Today, tourists can visit the sunny, open rooms of Liberty Hall, but in 1787, the Convention took place under strict secrecy. The doors were closed, the windows blacked out, and security guards ringed the building. In Madison’s Notes on the Federal Convention, the rules stated, “That nothing spoken in the House be printed or otherwise published or communicated.” James Madison, one of the main recorders, refused to publish his notes until all of the framers were buried in the grave.


If the citizens had known what was transpiring in Philadelphia, an uprising reminiscent of the Battle of Seattle at the 1999 World Trade Organization protests might have ensued. In 1787, citizens of the thirteen sovereign states considered the United States of America to be a description of a friendly alliance of nation-states similar to the United Nations. Under the new Constitution, however, the federal government of the United States of America became a new, powerful legal body that wielded supreme authority over the subordinate states.


When they found out, citizens of the day were not amused. Resistance to the new constitution was widespread. In 1787 Washington wrote, “Commotions of this sort, like snow-balls, gather strength as they roll, if there is no opposition in the way to divide and crumble them.” To ensure the states’ ratification of the new constitution, his colleagues Madison and Hamilton rolled out their propaganda machines.


William Grayson of Virginia wrote, “We are now told … that we shall have wars and rumors of wars, that every calamity is to attend us, and that we shall be ruined and disunited forever, unless we adopt this constitution…. and the Carolinians, from the South (mounted on alligators, I presume) are to come and destroy our cornfields, and eat up our little children! … These, sir are the mighty dangers which await us if we reject — dangers which are merely imaginary, and ludicrous in the extreme!”


Ultimately, the adoption of the new constitution came down to money. Like so many of our contemporary issues, the nation divided not down left-right lines, but by moneyed interests (which supported the new Federal government) and popular dissent (which objected to the loss of local power and the rising supremacy of the oligarchs).
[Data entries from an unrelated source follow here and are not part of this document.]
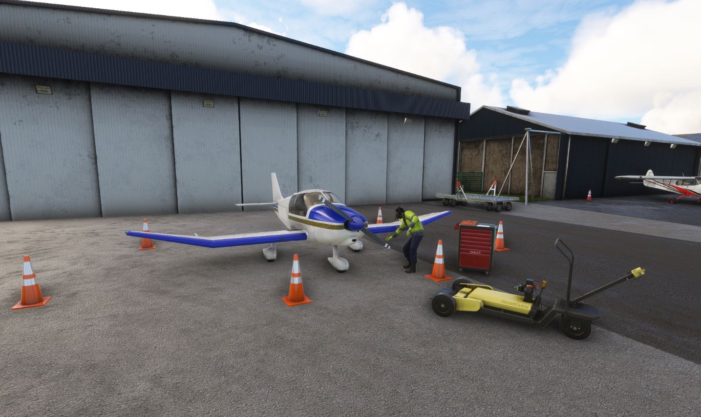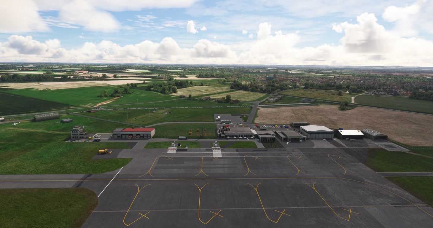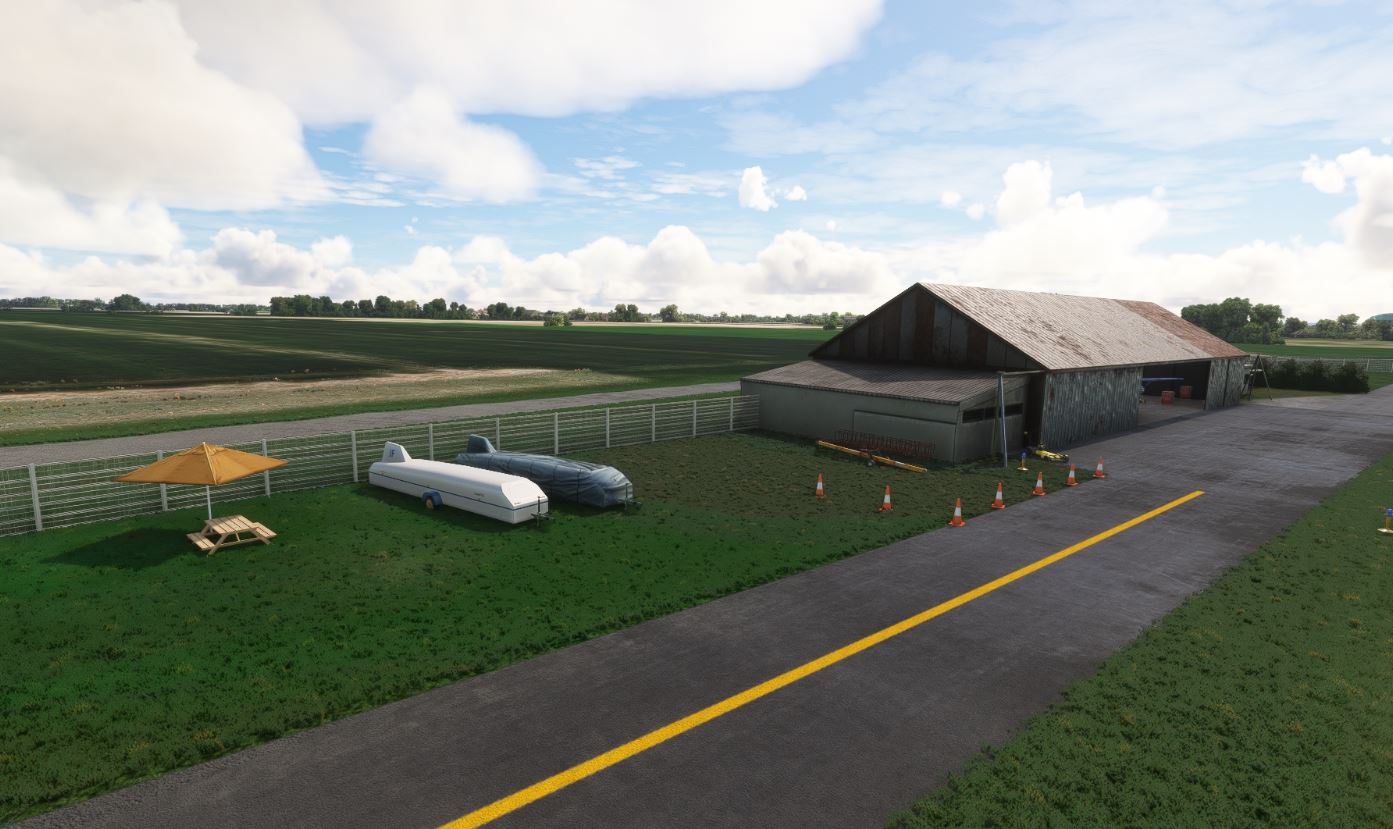 The airport has been recreated from the ground up using high quality, high resolution detailed textures to provide great visuals even when viewed up close. I was very happy with all aspects of the airport. Hard surfaces were relatively clean with the exception of runway touchdown zones which are to be expected as this is a small airport seeing mostly small private aircraft. Grassy areas were modelled with 3d textures with varying colours to differentiate between grasses, livestock pasture areas and agricultural fields.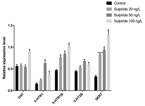 In addition, we also assessed the protein levels of DAT, 5-HTR1, 5-HTR1B, 5-HTR2B, and SERT. The results showed that 5-HTR1, 5-HTR1B, and SERT increased after sulpiride stimulation in octopus brain tissues (p < 0.0001), while no significant effect was seen for the concentration of 20 and 50 ng/L of sulpiride on protein levels of DAT and 5-HT2B compared with the control group. The expressions of 5-HT1B and SERT were upregulated in the 20 ng/L sulpiride group (p > 0.05). The protein expression of 5-HTR1 and SERT was significantly induced by 50 ng/L sulpiride exposure compared with the control (p < 0.05). Furthermore, 5-HTR1B and SERT expressions were increased significantly in the 100 ng/L sulpiride exposure group (p < 0.05) (Figure 5).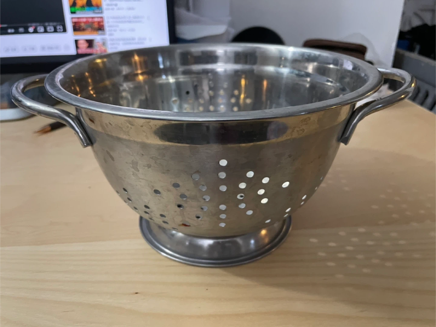 Selling a stainless steel colander. It's in great shape and ready for a new home. Perfect for rinsing fruits, veggies, or draining pasta. It has a sturdy base and comfortable handles for easy use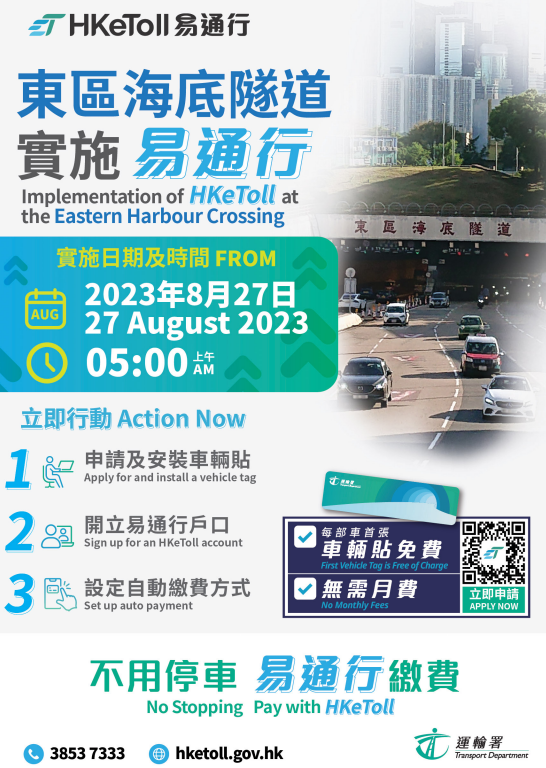運輸署圖片。 運輸署表示,現時有98%的車輛已獲發車輛貼。在平均每日約38萬架次駛經五條已實施“易通行”的隧道中,約九成的車輛偵測到有安裝車輛貼,約七成的車輛使用自動繳費方式。 運輸署再次提醒尚未繳交隧道費的車主,必須在駛經隧道後的14個工作天內補交。他們可以登入“易通行”網站(按此hketoll.gov.hk)或流動應用程式,查閱須繳付的隧道費並以信用卡繳費,或按指示產生繳費所用的二維碼,使用轉數快或到7-11便利店以現金繳付隧道費。“易通行”網站載有短片,指導車主如何在網上補交隧道費。他們亦可前往四個客戶服務中心及四個服務點繳費。

The Anti-Federalists were out-powered by the media apparatus and political influence of the oligarchs, who convinced commercial interests, small landowners, farmers, merchants and artisans to side with them. After the states ratified the new constitution, the proponents of the new system embarked on a long-term effort to alter or recreate the state constitutions and legislative structure to reflect the federal government.


Know your history, goes the stern warning. Without knowledge of the past, tyranny in the present continues to oppress us all. To better understand what transpired at Liberty Hall in 1787, imagine that a group of wealthy businessmen came together in secret to draft up a new set of laws and to create a new court system that has authority over the nations of Japan, Australia, Korea, Vietnam, Canada, the United States, and more. Then these wealthy elites empower themselves to regulate commerce to their own advantage.
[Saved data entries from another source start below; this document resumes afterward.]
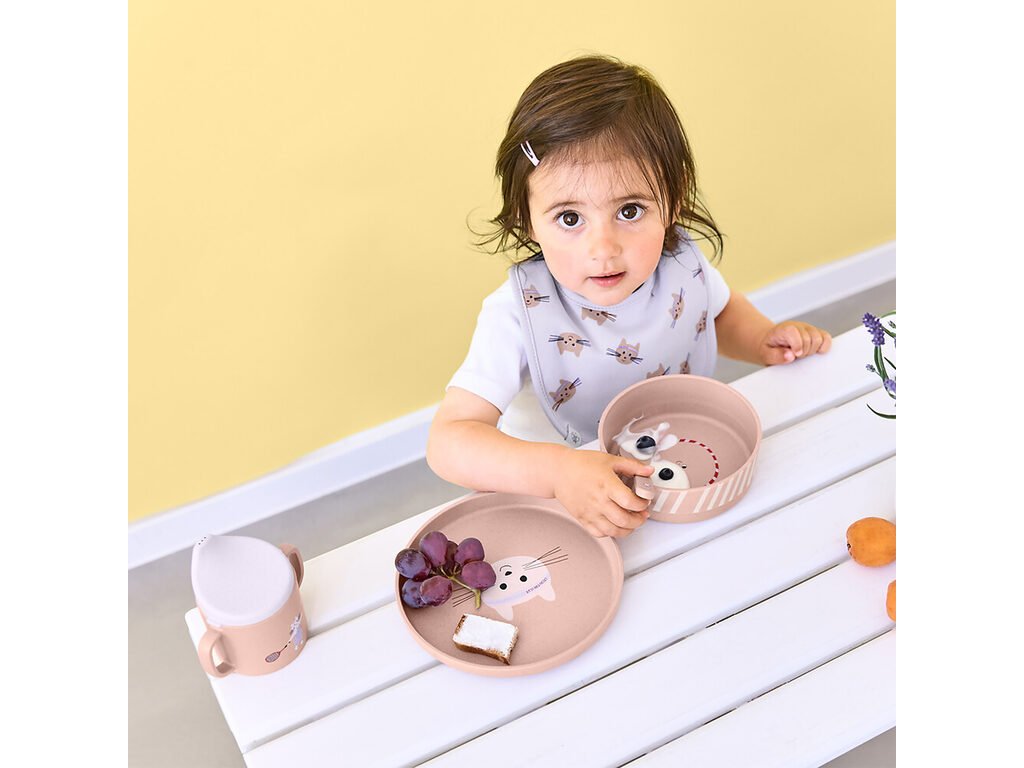 Dětské stolní nádobí v krásném designu, vyrobené za použití trvale udržitelných zdrojů, je určené pro děti od 12 měsíců.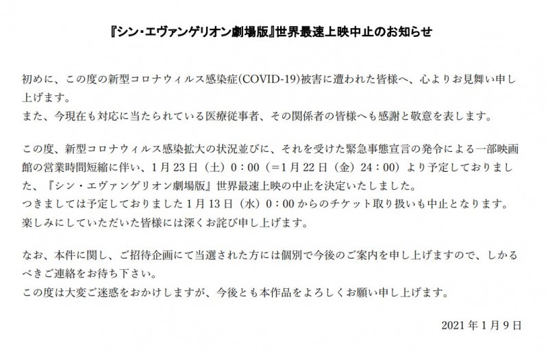 신 에반게리온 극장판, 세계 최속 상영 중지 발표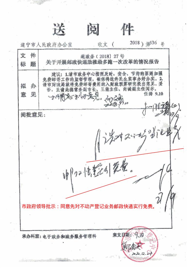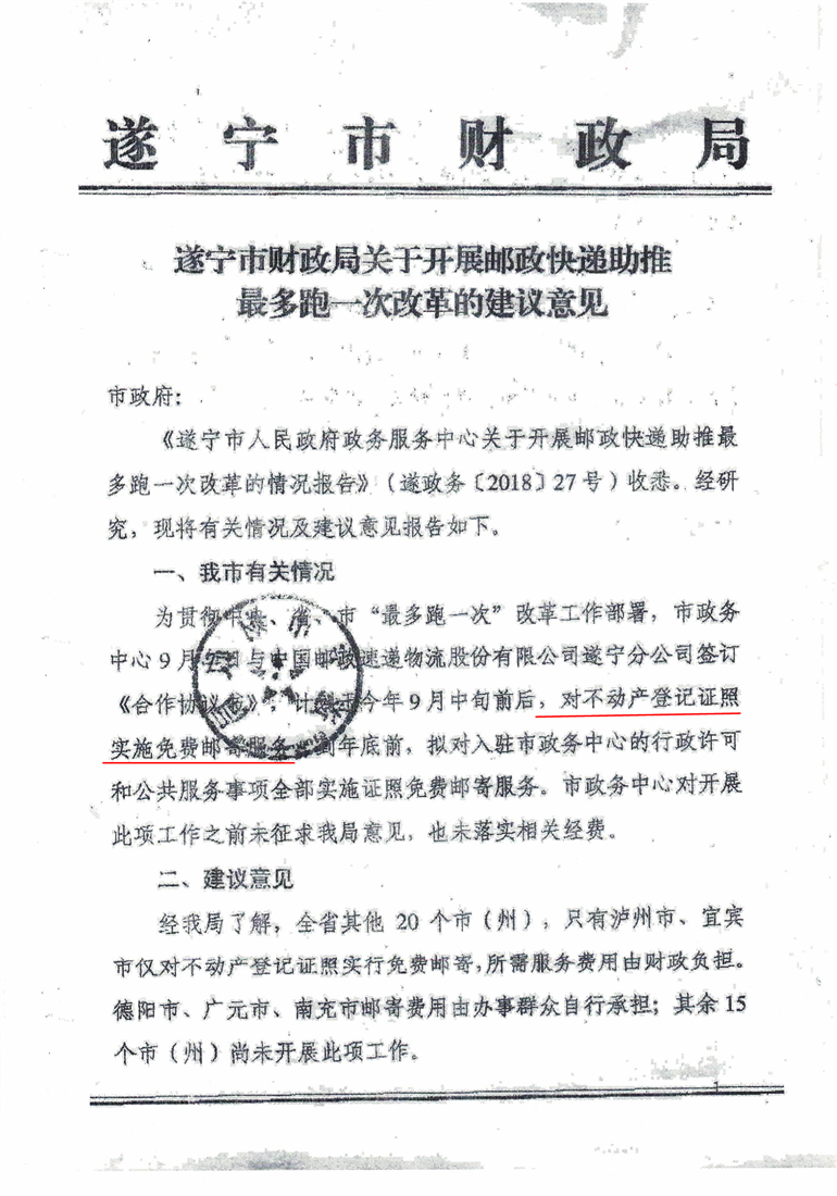 关于开展邮政快递助推最多跑一次改革的建议意见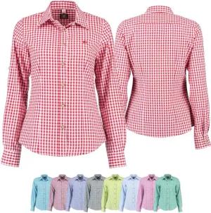 Trachtenbluse für Trachten Lederhosen Bluse Trachtenmode kariert, 38, Rot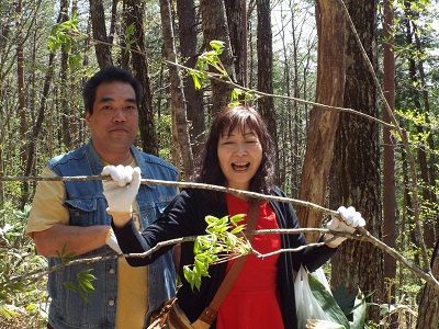山菜収穫体験みづの荘の山でしいたけ収穫

If this sounds uncomfortably familiar, it’s because the modern-day Trans-Pacific Partnership Agreement has engaged in many of the same maneuvers as the 1787 Philadelphia Convention that established the US Constitution. The Trans-Pacific Partnership Agreement (TPP) is a trade deal that is being negotiated in secret. The legislators of the affected nations are not involved – just as the delegates to the Continental Congress were not present at the Philadelphia Convention. The tribunal courts of the proposed TPP would usurp the authority of the courts of the nations, just as the Supreme Court usurped the state courts. Under the TPP, commerce falls under the jurisdiction of the trade agreement board, rather than the individual nation-states. Local laws that violate the TPP would be considered void, just as the state laws were nullified if they conflicted with the new, powerful federal government. Just as the TPP was initially being fast-tracked through Congress, so did the framers of the Constitution attempt to ram it through state ratification.


Echoes of the past can be heard in the problems of the present. The revolutionary notion of democracy was put on hiatus in 1787 and the coup of the oligarchs continues to this day. Rule of the oligarchs under the empty rhetoric of democracy is so familiar and comfortable that to have millionaires in Congress and a ruling class of wealthy elite seems as American as apple pie . . . but the poisonous politics of wealth are not the homegrown democracy that was cultivated in the backyards of local communities. They are a tainted substitute peddled by wealthy elites.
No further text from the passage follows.